Pensar por macho é assunção de uma animalidade paradoxalmente insustentável. O parente mais próximo do humano, o chimpanzé (pan troglodytes), com 99% de DNA igual ao nosso, não pensa como macho, ele é macho. Situações totalmente diversas. Mas o modelo pan é completamente inviável ao humano, primeiro porque ali não tem o Pensar humano, segundo porque há a beleza do instinto, o que, no pan, não é idiotizado, mas natural, por sua animalidade óbvia. Do animal tira-se a bela inteligência, pois ele sobe com seus atos; do humano desce-se à burrice, pois que ele poderia ser genial, e emaranha-se na estupidez. Assim, o pensar por macho é uma desantropologização, uma desumanização no que de melhor o ser humano teria, o Pensar.

E depois vem o tal do ‘alfa’, em relação à companheira, que, de novo, no caso do reino do Pensar, não é pressupostal, como ele pensa ser, deseja. Vê-se aí a sucessão de erros conceptivos oriunda de uma cabeça em total dificuldade – por primeiro deseja ser um pan, por segundo ser um mais.  No Pensar, não há pressuposições que superqualifiquem um sexo, e desqualifiquem outro. Há que se provar que ele pode ser, seria efetivamente, ou teria condições de ser melhor pensante que a companheira. E já o pensar como macho e como alfa, por pressuposição, denota errância comprometedora.

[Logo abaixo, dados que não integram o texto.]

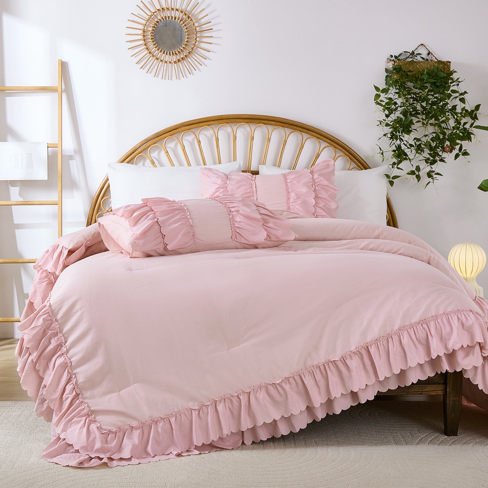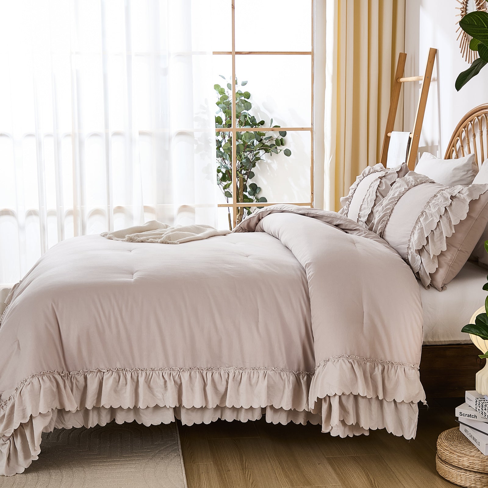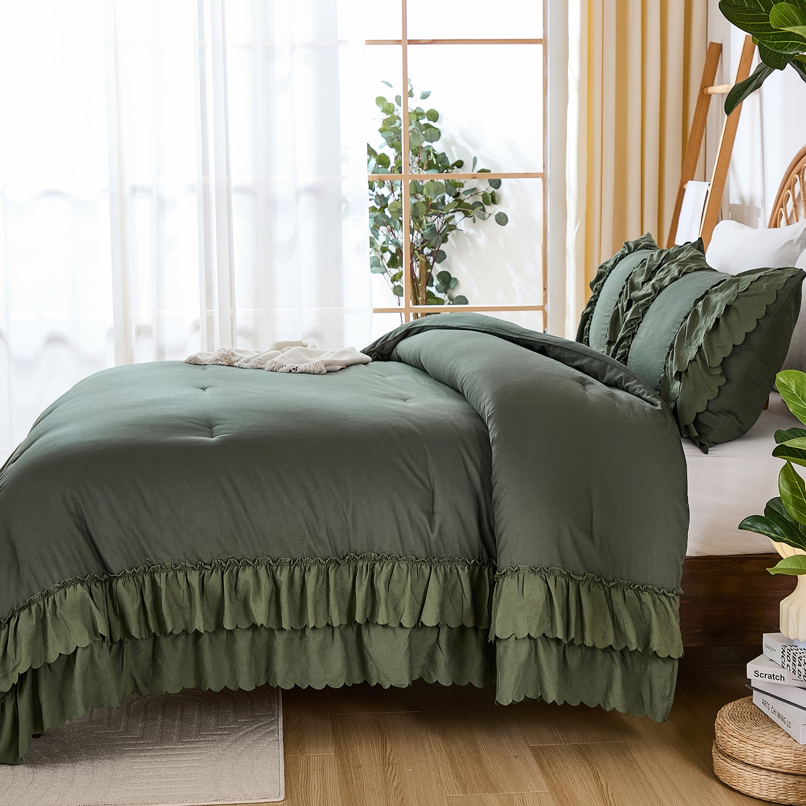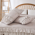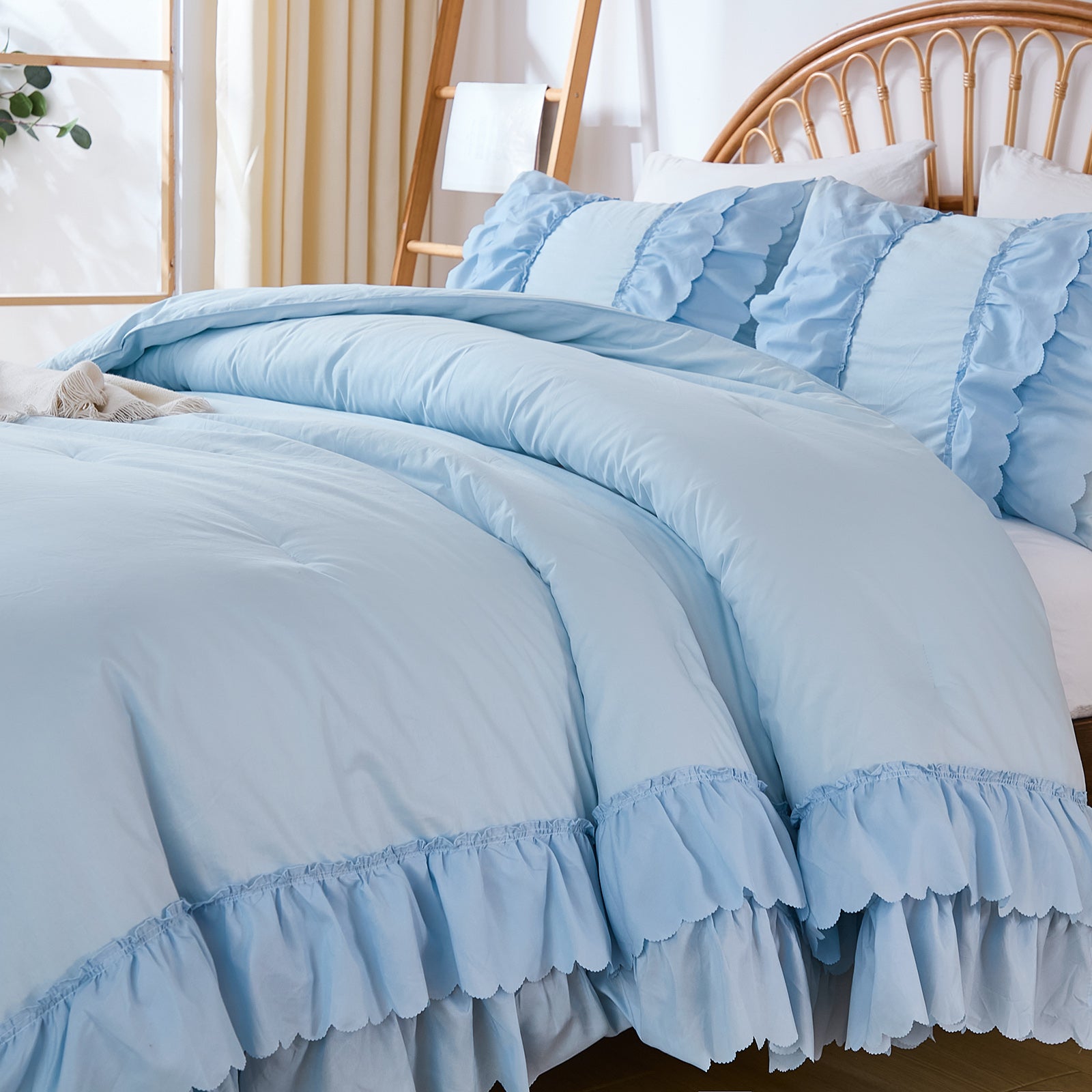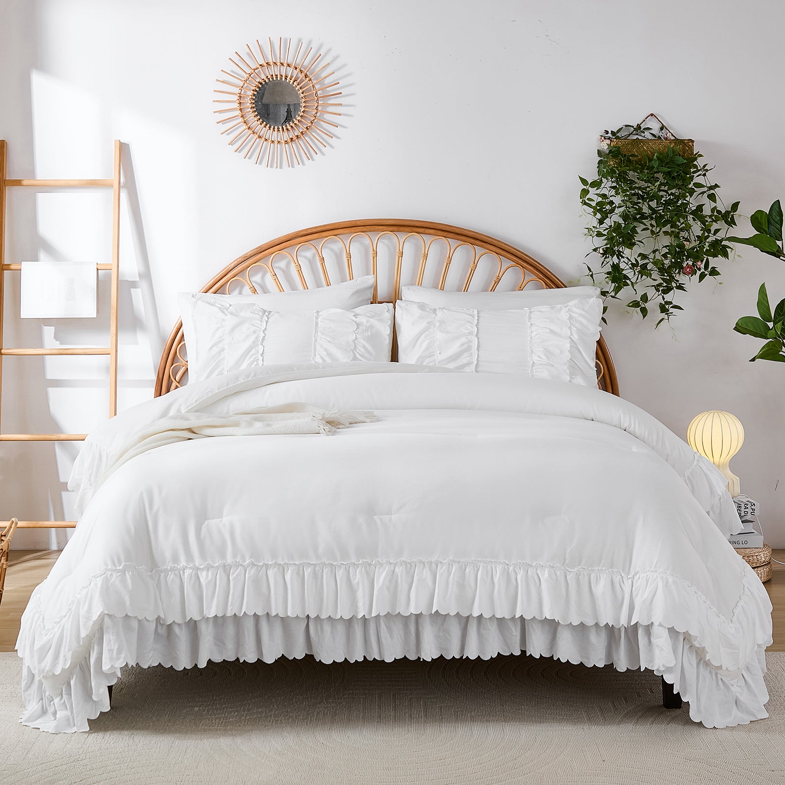 The comforter and matching pillow shams feature signature double layer ruffles that add elegant volume and French country romance. The timeless design pairs beautifully with farmhouse, cottagecore, bohemian, or modern minimalist bedrooms, making your bed the visual centerpiece of the room.

Robert Musil[5] explica que entre a estupidez e a vaidade há uma relação íntima, para concluir que o vaidoso é uma máquina a vapor com vazamento.  Essas pessoas quando são presas, por exemplo, enfeiam-se, e isso se lhes é a morte, dada a vaidade altruísta que têm. Uns têm a peruca removida, outros os cabelos – no plural- cortados, para ficarem com apenas ‘um’ cabelo, na singularidade da pobreza prisional. Já outros acostumados a merecerem reverências excelenciais ou militaristas passam a ser zombados pelas costas, como um ex-qualquer coisa, tudo exclusivamente por seu pensar e agir baseado naquele pensar. As consequências não perdoam.

Pululam machos alfas neste trágico reino pan-humano. Alguns são cornos – e isto se lhes é a morte-, outros são inseguros, outros são brochas, e outros são assassinos. Mas para o Pensar, nada mais é degradante do que a burrice trágica que os guarnece e os guia. Sabendo-se que ela é distribuída, é questão de tempo para um colega desses aí se revelar, pensando como macho, e sonhando como alfa.  Está cheio disso por aí.

Jean Menezes de Aguiar.


[1] Narrou Christian Delacampagne, Entrevistas do Le Monde – Filosofias, p. 22.

[2] Expressão de Sarah Blaffer Hrdy, Mãe Natureza – uma visão feminina da evolução, p. 25.

[3] Do dramaturgo Eugène Ionesco.

[4] A Persistência da Burrice, ps. 51, 116, 149.

[5] Sobre a Estupidez – 3 ensaios, p. 27.